You Don’t Need to Forgive to Move On
You don’t owe closure to the person who caused the damage. You owe truth to the one who survived it.
You don’t need to forgive the person who abused you.
Not now.
Not ever.
You don’t need to light a candle, journal about their pain, or wish them peace on their "healing journey."
You don’t need to humanize the people who dehumanized you.
You don’t need to see their side.
You lived their side. You survived it.
They told you forgiveness was how you “get free.”
But that was never about your freedom.
That was about keeping the truth from making them uncomfortable.
Because the second you stop flinching
The second you stop softening
The second you stop pretending it wasn’t that bad—
You’re dangerous.
Forgiveness is the leash they offer after you’ve chewed through the fucking chain.
They want your peace?
They can earn it.
They want your grace?
They can go find God.
You don’t owe the people who hurt you closure.
You don’t owe them softness.
You don’t owe them a seat at the table they flipped and walked away from.
This isn’t about bitterness.
This is about boundaries.
This is about remembering what it took to crawl out of the wreckage while they watched.

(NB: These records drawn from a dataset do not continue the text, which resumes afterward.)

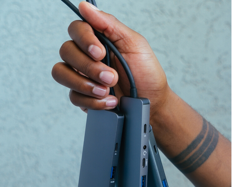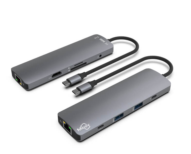 Enhance your MacBook/iPad with this compact USB-C 9-in-1 Multiport Hub. It offers up to 100W pass-through charging and allows you to mirror displays via HDMI. Connect headphones through the 3.5mm audio jack, and sync devices using 1 USB-C and 2 USB-A ports. Transfer files easily with SD and Micro SD slots, plus enjoy reliable Ethernet connectivity with the RJ45 port.
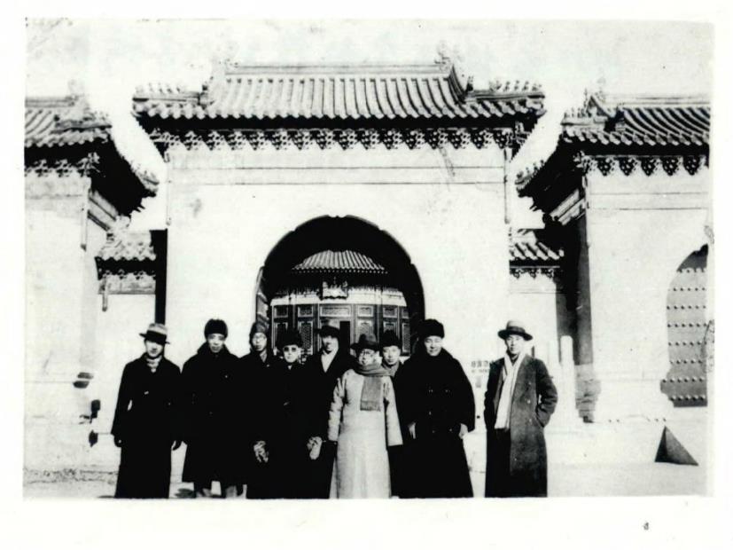 天坛皇穹宇修缮竣工验收琉璃门前合影(右一为杨廷宝)(来源:江苏省档案馆,拍摄时间:1935年12月)
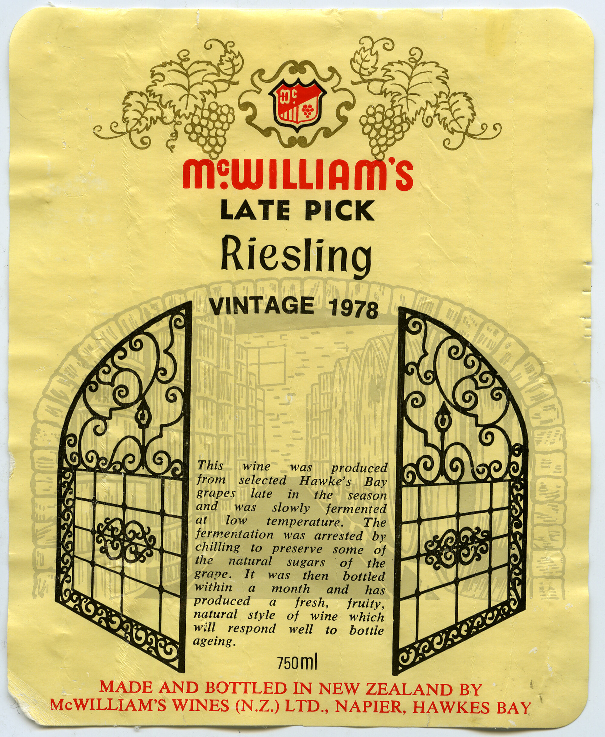 McWilliam's Napier New Zealand Late Pick Label (1978) (1978). Living Histories, accessed 14/04/2026, https://livinghistories.newcastle.edu.au/nodes/view/61065
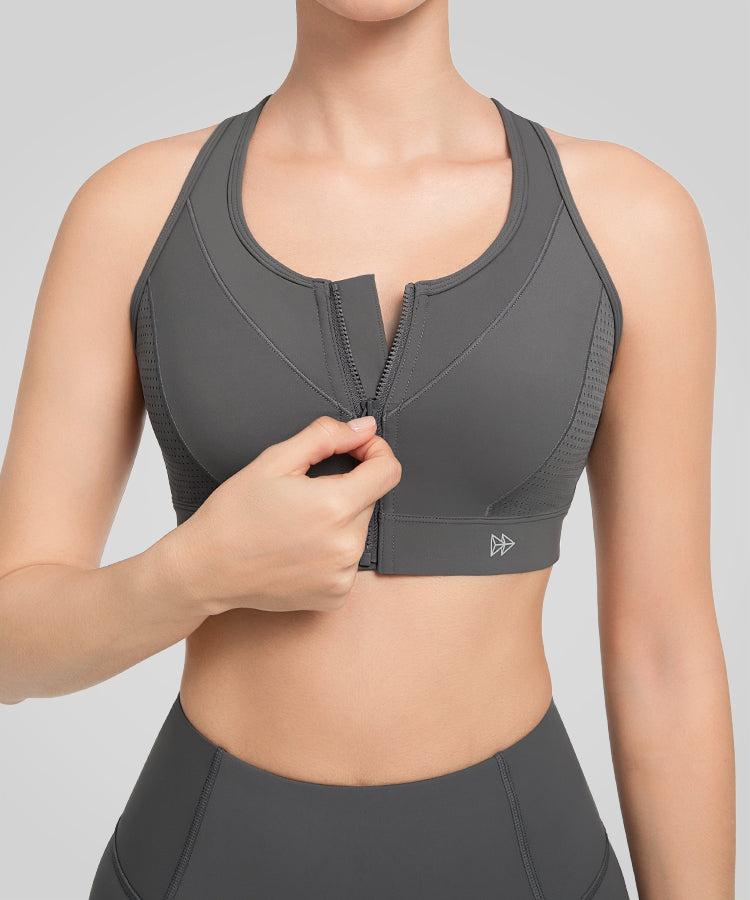Power Zip Front Breathable Mesh Running Bra
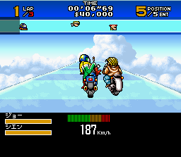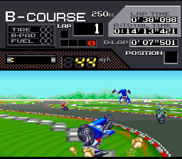 Techniquement, c'est moyen pour de la Snes avec une route animée en mode 7 à la Mario Kart et des graphismes corrects mais sans plus. Le bruit du moteur est discret.
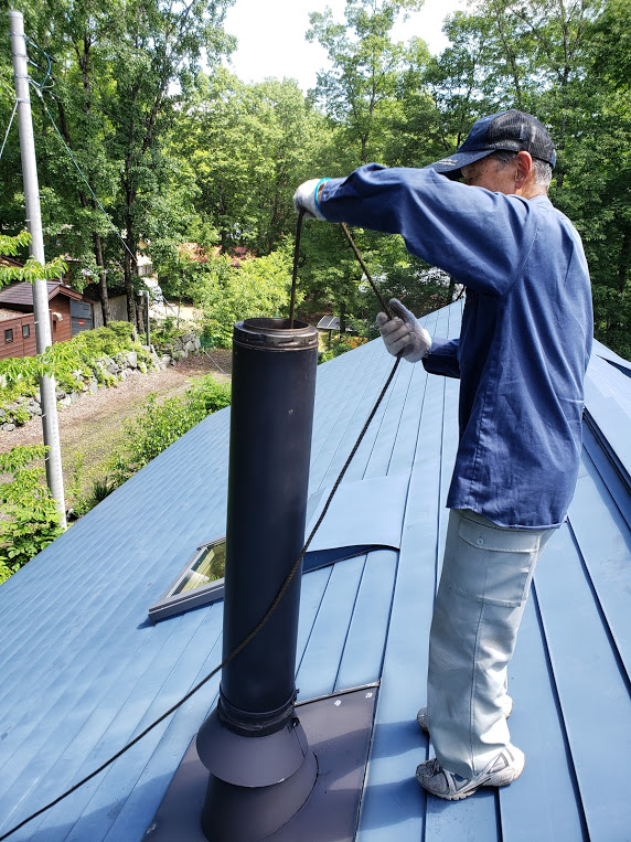 大工工事はマサ君にお願いしまして私はあさイチに一昨日加工した材料を運びました。 運んだ足でそのままアンテナ交換工事させていただきましてバッチリオールチャンネル電波をゲットできましたよ。 アンテナ交換してる間に暖工房の三石さんがきましてストーブのメンテナンスしてもらいました。 煙突掃除は10年で初めてとの事でしたがほとんど汚れていなく綺麗な状態でしたよ! これでS様も安心して今シーズン薪ストーブを楽しめると思います!

This is about refusing to hand them the version of you they tried to kill.
You want to heal?
Then stop folding your story into something small enough to forgive.
Tell the truth.
All of it.
The ugly. The violent. The stuff that still lives in your chest when the lights go out.
Tell it loud enough that the people who were comfortable with your silence start sweating.
If they needed you quiet, then fuck being polite.
If they needed you forgiving, then fuck their redemption arc.
If they needed you healed so they could sleep better, then fuck their peace.
Because here’s the truth:
You already healed.
The second you stopped blaming yourself.
The second you said, “I’m not crazy — I was manipulated.”
The second you looked at the wreckage and said, “I’m building anyway.”
That was it.
That was the moment you got free.
Not when you forgave.
When you remembered.
So no — I didn’t forgive.
I survived.
And that was enough.
Let them carry what they did.
Let them choke on the story they’re too ashamed to tell.
Let them watch as you rise without ever saying their name again.
That’s not bitterness.
That’s power.
And it’s mine now.
It’s yours too.
You don’t need to forgive to move on.
You just need to stop bleeding for people who never even said sorry.
— Cody Taymore
In Judaism, tshuva (repentance) is only fully possible if you can restore what you took. Make up for what you did. Without this piece, full repentance isn't possible.
Sorry, you just gotta live with what you did.
And forgiveness, yea, that's more of a Christian idea that somehow we need to forgive those who hurt us. First off, asking someone to forgive you when you've hurt them is almost a repeat offense, because now you are asking your victim to give you something. Rather than you giving them something. A genuine, heartfelt, I am so sorry I hurt you and asking nothing in return goes much further both for the giver and the receiver.
We can soften. We can heal. We can find freedom from the demons .. but I agree wholeheartedly with you .. we never have to forgive our abusers.
I hear you brother. But in my experience: softening is not the same as forgiving. I can forgive and still have very clear boundaries. Still be fully in my power. Still not give a shit about them. Forgiveness is a state that happens, eventually, when all the fire of the rage burned itself out and there is no fighting left to do. There is just a letting go. A neutrality. And then you feel inside yourself and there is nothing left of that energy anymore...just an emptiness. You think of your past and what happened and it's like watching a movie...it's completely neutral. That is freedom for me. That is what forgiveness offers...but not because we try or dismiss our story or diminish our anger, but because we allowed ourselves the totality of our rage and hate and because it's the natural course of things when we start loving ourselves enough that we stop holding on to the past. All of it. And that doesn't mean we say it was ok. It's still a shitty story. Heart and gut wrenching. But eventually just a story. And I agree with you, it should not be forced or rushed or manipulated. Hope you have a nice weekend!